Avoid the Mark of Tattoo, Body Piercing, and Cosmetic Allergies

Love the look of tattoos and body piercings? While these forms of body art are great for expressing individuality, for some people they can trigger allergy symptoms. And many cosmetic products can also cause similar problems. That is why you should proceed with caution when exploring any of these options.

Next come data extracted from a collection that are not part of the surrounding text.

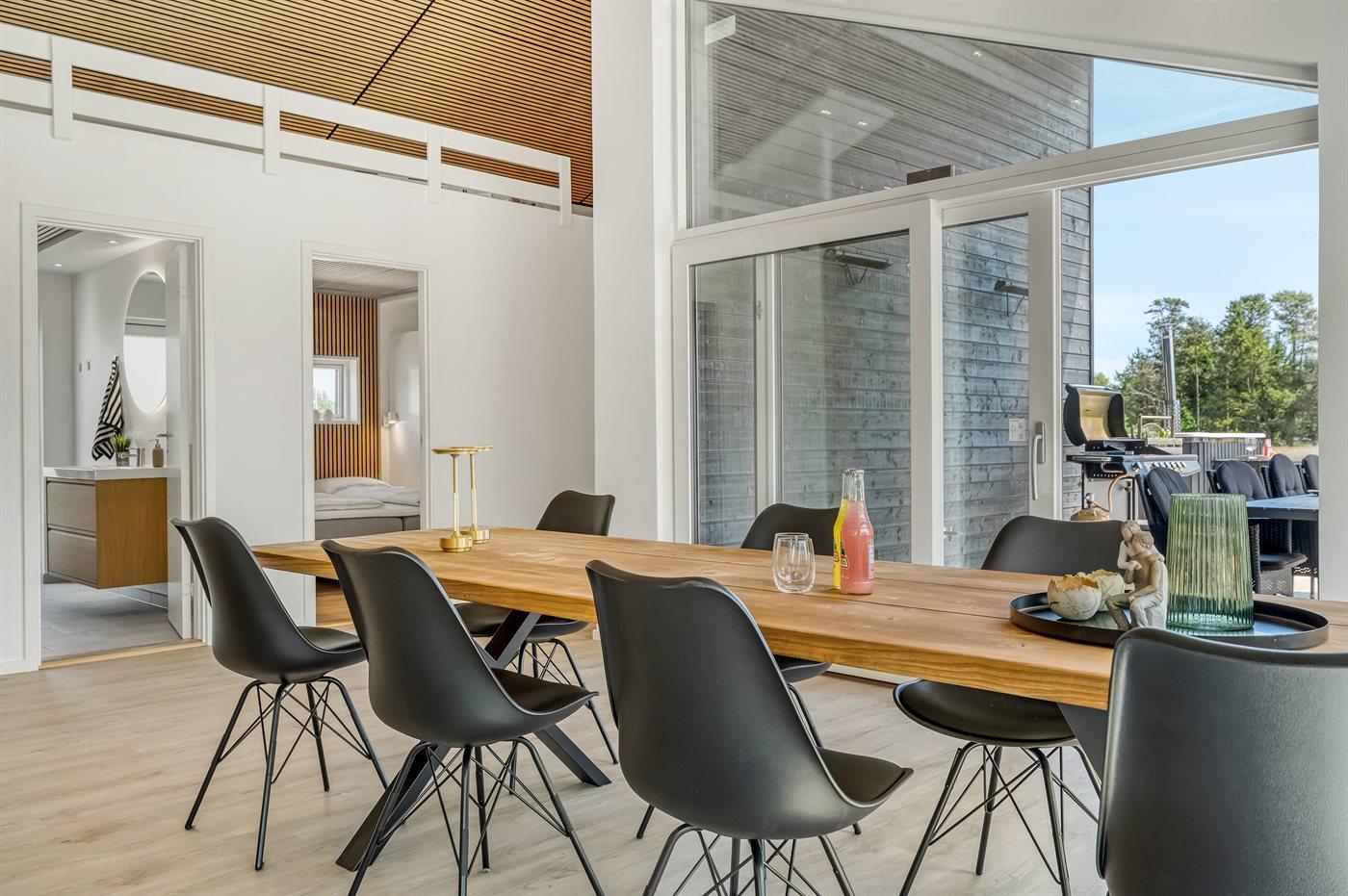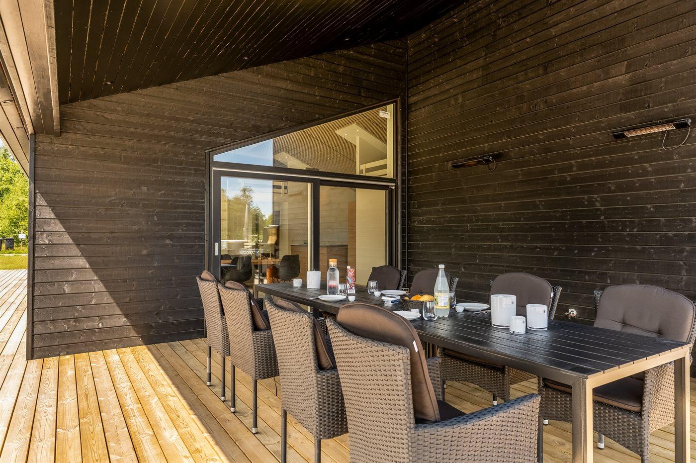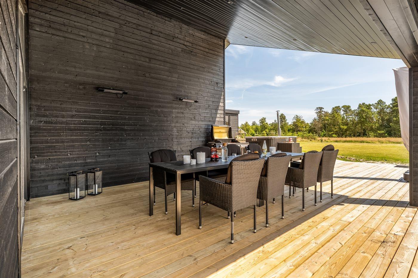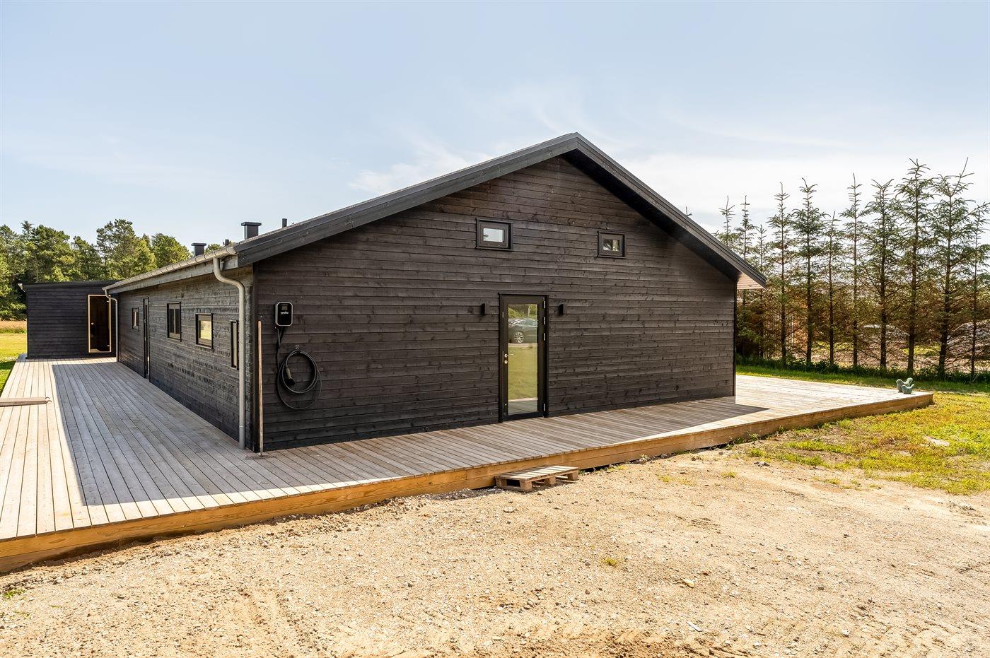 De vakantiewoning is gelegen op een 2323 m² groot natuural grond. Afstand tot de zee 700 m. Dichtstbijzijnde winkel 6200 m. Er is een golfbaan op een afstand van 8100 m. Bij de vakantiewoning hoort terras. Daarnaast is er een overdekt terras. Voetbaldoel. Buitensauna. Buitendouche. Barbecue. Het huis heeft een stopcontact voor het opladen van een elektrische auto. Oplaadstekker type 2. Met 11 kW-laadvermogen. Parkeerplaats bij het huis.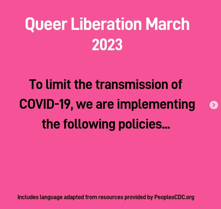 For safety of others, to be clear. We need for every queer who wants to participate to be able to do so. Right now the immuno-compromised (Long-covid) queers are the most at risk of mass events like the QLM. When all of us mask, more of us can participate.. it’s that simple.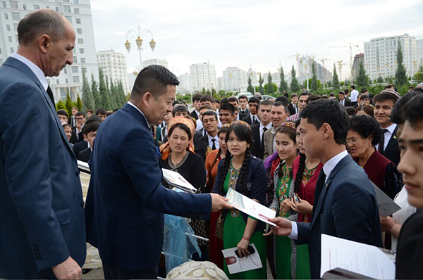 此次招錄工作在土庫曼斯坦油氣署、教育部等部門的監督協助下進行。阿姆河天然氣公司總經理、黨委書記鄧民敏,總經辦兼外聯部經理高彬來到考場看望了考生,并協助學校向當地學生宣傳和介紹了中國石油大學和中國石油大學克拉瑪依校區的基本情況、留學事項以及獎學金政策等信息。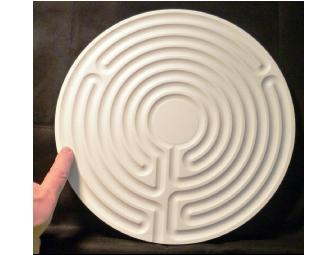 The design by artist John Ridder is a variation on the ancient classic 7 labyrinth.  It is similar to the Classic 7 but adds two turns, making the design is reminiscent of the more complex Chartres or medieval style labyrinths. It has been called a 'happy' labyrinth...    It is 12 inches wide, and made of a white stone-like material, typically used on counter tops. (Corian ) It is a 'green product'  as the base material is reuse of manufacturing waste.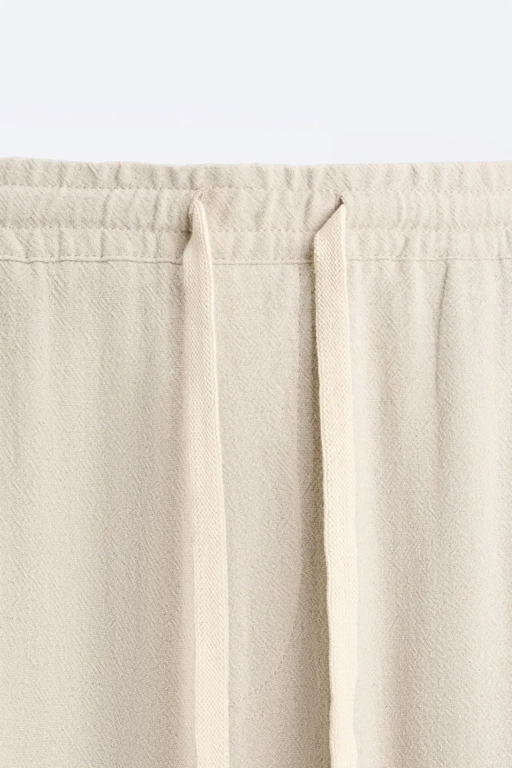 Pantalón confeccionado en tejido con mezcla de viscosa y lino. Cintura elástica ajustable con cordón. Bolsillos delanteros y detalle de bolsillo trasero de plastrón. Bajo acabado en puño con elástico.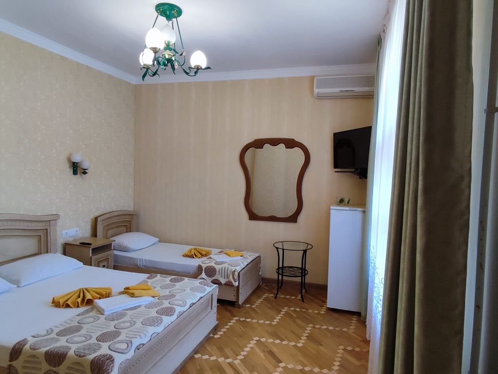 Наша гостиница расположена на улице Терская 70. Эта тихая, тенистая и зеленая улочка. Наш дом выгодно расположен в центре Анапы. Благодаря удобному расположению вы сможете посетить развлекательные центры и пляж за короткое время. До песчаного пляжа вы дойдете за пять минут, а до галечного не более десяти минут. В паре минут находится Театральная площадь, где происходят все значимые мероприятия города. Лечение можно пройти в санатории «Мотылек», «Дилуч», и других, которые расположены всего в трех минутах пути. Развлечься и весело провести время вы сможете в аквапарке, который находится в пяти минутах. Все номера с удобствами. Из окон открывается отличный вид на дворик. Территория озеленена. Вход через дверь с кодовым замком, так же работает видеонаблюдение. Во дворе находятся столики, которые находятся под тенью винограда. Wi — Fi доступен в номерах. Кушать вы можете самостоятельно. Есть кухня с набором посуды. Организуем трансфер для наших гостей.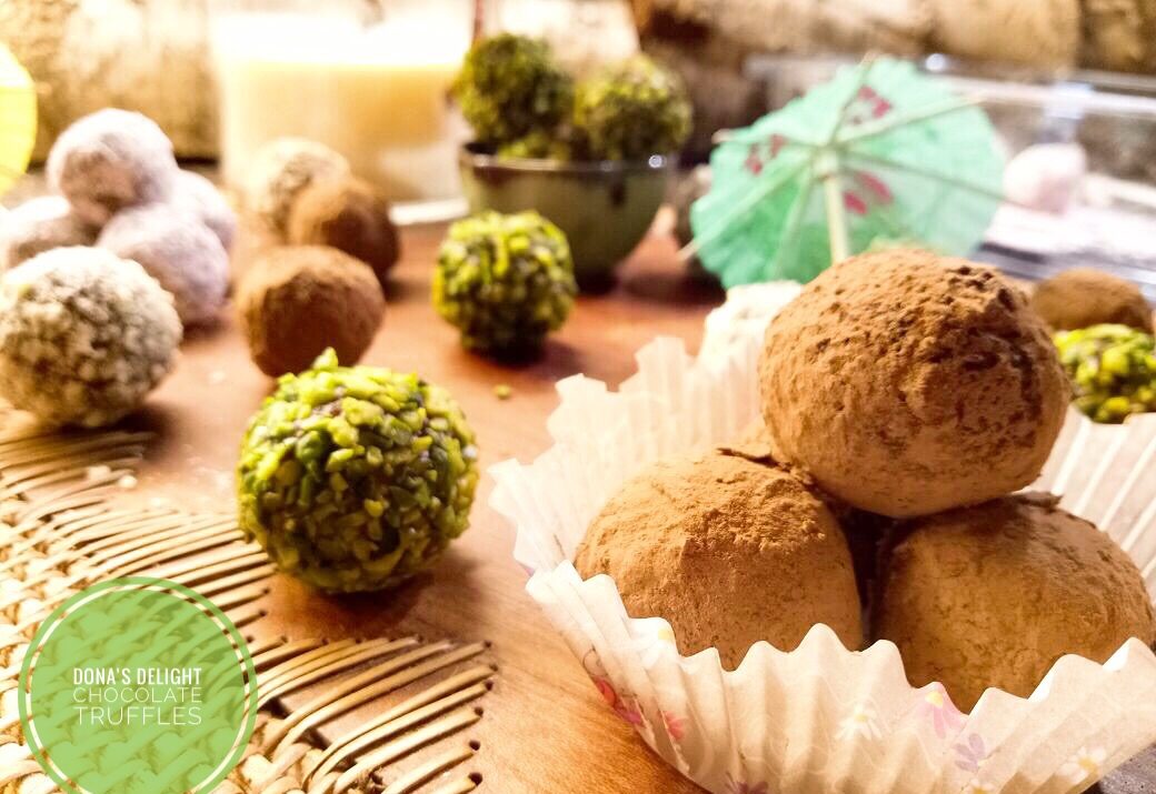 Paling malas tuh kalau bikin makanan yang sebetulnya bisa kita beli dan enak sekali, jadi kita ga perlu repot-repot bikin.  Kayak chocolate truffles ini, di Swiss tuh kan gudangnya coklat, jadi segala macam truffles ya ada, tinggal beli ga perlu repot dan terjamin keenakannya. Cuma yaitu, kalau di pikir-pikir sebetulnya boros juga ya kalau kita selalu beli yang sudah jadi, sedangkan kalau bikin sendiri itu mudah sekali, paling waktu kita aktiv bikinnya ga sampai 1 jam dan biaya beli bahan-bahannya bisa jauh lebih murah di banding beli jadi kenapa ga bikin sendiri aja? Ga tau resepnya? tinggal tanya google dan ratusan bahkan mungkin ribuan resep akan muncul, bikin bingung deh, karena komposisi dan jumlah bahan yang berbeda-beda. Seperti resep truffle ini bikin bingung karena ga ada satupun yang sama. Akhirnya tutup aja googlenya coba bikin sendiri, toh resep yang berseliweran berbeda-beda dan pasti ga akan bisa salah, seperti brownies aja, berapapun takaran coklat dan butter serta terigunya brownies akan tetap jadi hanya teksturnya yang berbeda. Nah kalau truffle ini sebetulnya hanya terbuat dari chocolate ganache, jadi berapapun komposisi cream dan chocolatenya insya allah akan tetap jadi ganache.  Dan akhirnya aku mencoba bikin ganache dengan takaran whipped cream yang berbeda, hasil akhir?.. aku tidak bisa membedakan hanya saja apabila pemakaian whipped cream lebih banyak akan menghasilkan lebih banyak truffles. Tapi mengingat iklim di Indonesia, aku pikir mungkin lebih baik aku berikan resep dengan pemakaian jumlah whipped cream yang lebih sedikit.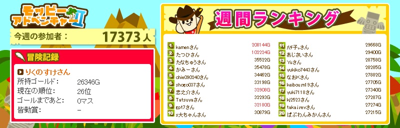 今週は、モッピーアドベンチャーⅡ(スゴロク)で上位入賞を目論んでいます。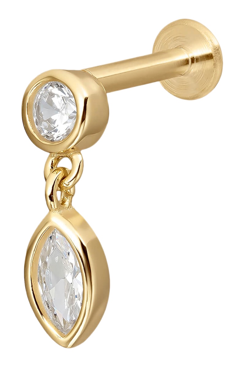 Piercing en argent plaqué or jaune serti de 2 zircones.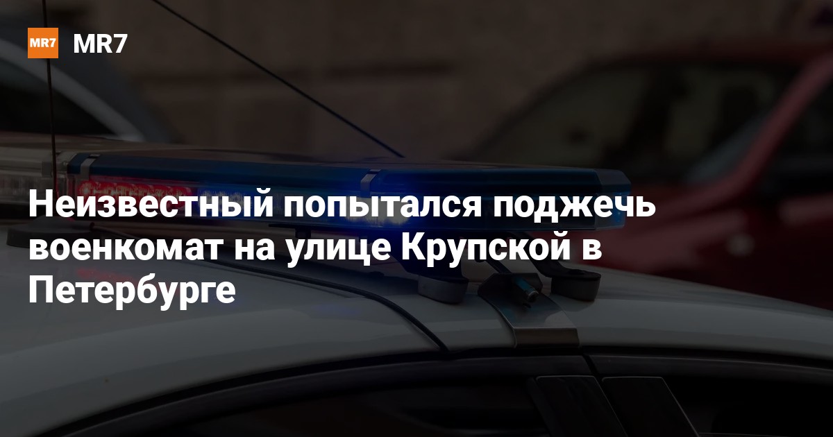 Человек в капюшоне бросил бутылку с зажигательной смесью в военкомат недалеко от станции метро «Елизаровская» по адресу: улица Крупской, дом № 5. Полиции не удалось задержать злоумышленника, и он скрылся.
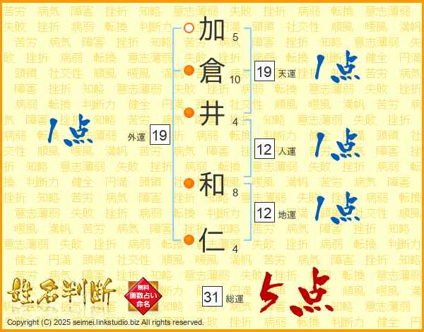 加(5画)倉(10画)井(4画) 和(8画)仁(4画)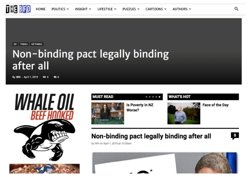 Many posts on TheBFD site are duplicates of those that were being posted on Whaleoil, starting from April 1 this year. For example, this post about the UN Global Migration pact is essentially identical on both TheBFD, and Whaleoil.net.nz, with slightly different text formatting.

Tattoo Allergies: A Widespread Problem

With as many as one in four people now sporting a tattoo (or multiple tattoos in some cases), tattoo allergies have become quite common these days according to researchers at the annual meeting of the American College of Allergy, Asthma and Immunology (ACAAI) in fall 2010.

The cause of tattoo allergies is typically related to the dyes (red ink is one of the most common problems) that are made from a variety of chemicals such as aluminum, iron oxide, mercury sulfide, ferric hydrate, and manganese, among many others. In some people, the signs of a tattoo allergy could present itself within 24 hours, while in others, the reaction can be delayed for a week or two.

For those who are quite sensitive, even temporary tattoos (like those drawn using henna) can pose a challenge. The American Academy of Dermatology says that in the case of temporary tattoos, a chemical called para-phenylenediamine or PPD that's used to extend the life of the temporary tattoo is often what causes the sensitivity.

When Body Piercings Spark Reactions

Getting body piercings, whether in the ears, nose, tongue, lip, or belly button, can also be a hazard for some people with allergies. The body piercing itself usually isn't the issue, but rather the jewelry. Many studs are made from nickel, which can trigger symptoms. So if you've been experiencing allergy symptoms because of your body piercing, be sure to wear nickel-free jewelry instead.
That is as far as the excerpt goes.